The figure steps closer. “We’re almost there.”

He kneels beside her, his hands resting lightly on the book. He turns the pages to the end. Alice leaves Wonderland.

He speaks softly. “Not all reflections are meant to return.”

Jessica gasped as reality slammed back into place. Something had come back with her. Not a memory exactly—more like a fracture sealed over too soon, now split open again. The book slipped from her fingers, hitting the floor with a soft thud. The hum in her skull roared, a dissonant, deafening vibration that sent her staggering backward.

Leanna caught her. "Hey—look at me. Jess."

Her vision blurred. The walls felt too bright, too sharp.

"Jessica."

She blinked hard, pulse thudding against her ribs. The room was still there. The book, the cot, the stale air. But something had been taken from her. Or rather something had just been returned.

Olivia stepped forward cautiously, glancing at the book on the floor. “What did you see?”

Jessica opened her mouth. The answer caught in her throat. Then— A sound. Not the hum in her head. Not her own breath. Something else. Something just outside the door. Jessica’s blood turned to ice. A slow, deliberate footstep. Then another. And another. Not running. Not rushing. Just approaching.

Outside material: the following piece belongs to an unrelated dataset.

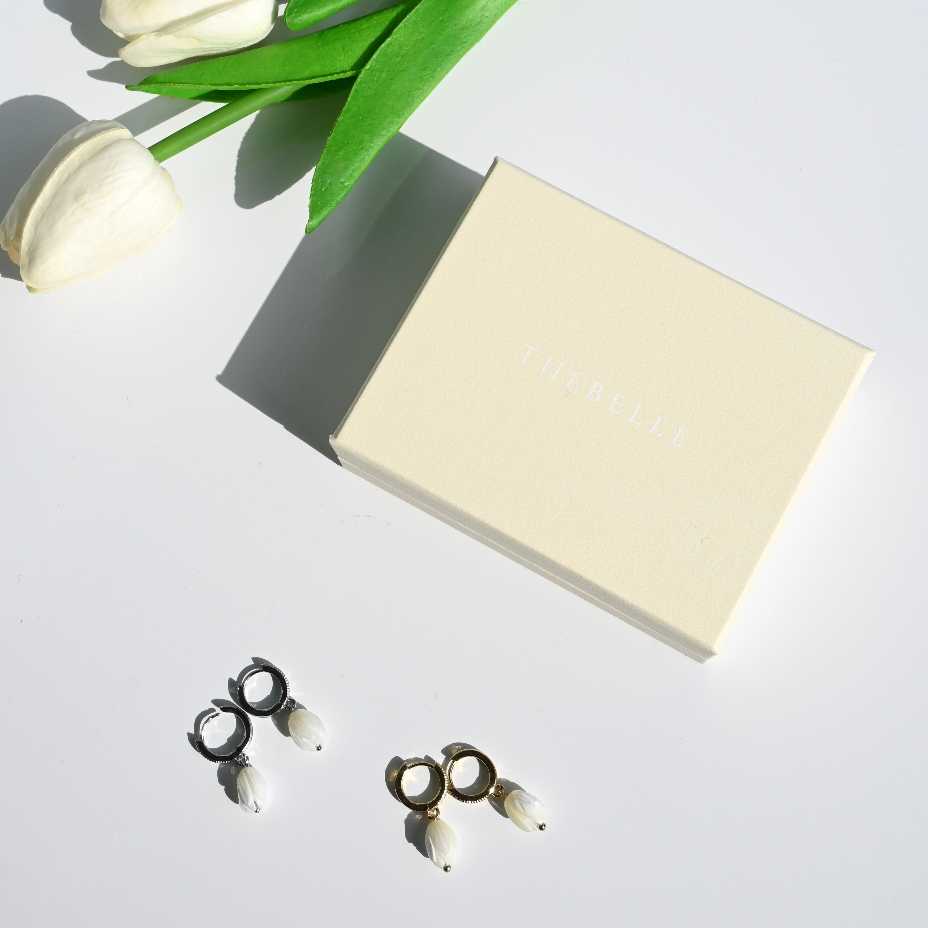 本物のシェルを使用したチューリップモチーフのフープピアスです。

Her hand flew to the grip of her 1911. Leanna and Olivia had already moved, taking position near the door, their movements silent, measured.

Jessica forced herself to breathe. The footsteps stopped. For a moment, nothing.

Then— A whisper, “Jessica.”

Not Leanna. Not Olivia. Something else. Something just outside. A presence she knew. Her heartbeat wasn’t hers anymore—it belonged to the thing on the other side. Every breath in the room waited on that turning metal. The doorknob twisted. Jessica raised her weapon as the door began to open.